In SQL server, count (*) or count (1) or count ([column]) is probably the most commonly used aggregate function. In fact, many people can’t distinguish the three. This article will elaborate the function, relationship and the underlying principle of the three.
Usually, I often see some so-called optimization suggestions that use count (1) instead of count (*) to improve performance. The reason given is that count (*) will bring full table scanning. In fact, how to write count doesn’t make any difference.
Count (1) and count (*) actually mean to evaluate whether the expression in count () is null. If it is null, it will not count, and if it is not null, it will count. For example, as shown in code 1, null is specified in count (the optimizer does not allow null to be specified explicitly, so it needs to be assigned to a variable to specify it).
SELECT COUNT(@xx) FROM [AdventureWorks2012].[Sales].[SalesOrderHeader]
Null is specified in code listing 1. Count
Since all rows are null, the result is not counted to 0, as shown in Figure 1.
Figure 1. Obviously, the result is 0
So when you specify count (*) or count (1) or no matter count (‘anything ‘), the result will be the same, because these values are not null, as shown in Figure 2.
Figure 2. As long as a non null expression is specified in count, the result makes no difference
What about the count column?
For count (column), it is also applicable to the above rules. It evaluates whether the value of each row in the column is null. If it is null, it will not count, and if it is not null, it will count. Therefore, count (column) is a count in which the accounting column or its combination is not empty.
How to implement count (*)?
I mentioned count earlier ( ) When there are non null values, you only need to find out the number of non null rows in the specific table in SQL server, that is, all rows (if all the values of a row are null, then the row is equivalent to non existence). The simplest way is to find a column that is not null. If the column has an index, the index will be used. Of course, for performance, SQL server will select the narrowest index to reduce io.
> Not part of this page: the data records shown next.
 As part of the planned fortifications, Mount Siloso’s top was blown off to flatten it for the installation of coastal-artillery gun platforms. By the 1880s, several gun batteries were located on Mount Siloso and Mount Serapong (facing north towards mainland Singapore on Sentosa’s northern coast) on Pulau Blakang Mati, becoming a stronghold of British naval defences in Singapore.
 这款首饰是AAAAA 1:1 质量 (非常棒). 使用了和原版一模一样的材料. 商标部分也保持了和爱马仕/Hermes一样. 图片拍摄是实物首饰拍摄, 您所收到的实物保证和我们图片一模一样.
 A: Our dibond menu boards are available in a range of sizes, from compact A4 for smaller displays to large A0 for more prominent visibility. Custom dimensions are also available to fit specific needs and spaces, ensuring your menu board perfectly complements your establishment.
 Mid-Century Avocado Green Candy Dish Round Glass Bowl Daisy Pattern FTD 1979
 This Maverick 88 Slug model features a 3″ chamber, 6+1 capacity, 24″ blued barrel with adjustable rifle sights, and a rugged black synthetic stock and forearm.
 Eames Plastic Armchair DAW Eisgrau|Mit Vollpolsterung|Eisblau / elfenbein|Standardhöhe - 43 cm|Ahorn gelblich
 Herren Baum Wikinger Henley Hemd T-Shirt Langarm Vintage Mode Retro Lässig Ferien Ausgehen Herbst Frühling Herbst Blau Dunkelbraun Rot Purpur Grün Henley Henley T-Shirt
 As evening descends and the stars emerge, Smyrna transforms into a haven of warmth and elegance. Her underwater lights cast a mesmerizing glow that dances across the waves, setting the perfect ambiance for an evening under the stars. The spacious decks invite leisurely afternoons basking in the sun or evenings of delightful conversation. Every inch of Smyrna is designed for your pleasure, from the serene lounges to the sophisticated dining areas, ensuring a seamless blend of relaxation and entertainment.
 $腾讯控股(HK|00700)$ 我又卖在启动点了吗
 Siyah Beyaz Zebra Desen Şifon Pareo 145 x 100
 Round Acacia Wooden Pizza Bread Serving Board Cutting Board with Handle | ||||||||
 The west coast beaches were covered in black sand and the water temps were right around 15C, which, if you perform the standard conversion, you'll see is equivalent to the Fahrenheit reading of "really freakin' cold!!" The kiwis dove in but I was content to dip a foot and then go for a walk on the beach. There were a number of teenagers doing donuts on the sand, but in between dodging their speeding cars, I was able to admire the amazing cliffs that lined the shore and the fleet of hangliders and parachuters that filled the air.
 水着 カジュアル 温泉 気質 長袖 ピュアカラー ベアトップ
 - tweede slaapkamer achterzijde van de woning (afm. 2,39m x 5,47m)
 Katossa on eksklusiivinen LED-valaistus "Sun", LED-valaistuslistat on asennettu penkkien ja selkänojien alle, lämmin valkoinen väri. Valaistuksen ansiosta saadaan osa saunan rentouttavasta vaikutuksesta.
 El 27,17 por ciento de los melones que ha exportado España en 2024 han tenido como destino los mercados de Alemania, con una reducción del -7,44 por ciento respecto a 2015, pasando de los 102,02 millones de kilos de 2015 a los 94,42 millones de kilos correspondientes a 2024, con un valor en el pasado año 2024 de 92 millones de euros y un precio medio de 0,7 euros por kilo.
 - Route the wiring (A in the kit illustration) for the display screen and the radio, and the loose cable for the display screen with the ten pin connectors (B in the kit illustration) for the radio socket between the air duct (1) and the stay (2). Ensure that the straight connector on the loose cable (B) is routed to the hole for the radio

We delete all the nonclustered indexes from the [person]. [address] table of the AdventureWorks 2012 sample database, and create an index on the modifydate column whose data type is datetime. Let’s look at the execution plan, as shown in Figure 3
Figure 3. Index using createDate
We continue to build an index on the stateprovinceid column, which is an int column, accounting for 4 bytes, shorter than the previous 8-byte datetime type column, so SQL Server chose the stateprovinceid index. As shown in Figure 4.
Figure 4. A shorter stateprovinceid index is selected
Therefore, if count (*) is used more in a table, it will greatly improve the performance to consider establishing a single column index in the shortest column.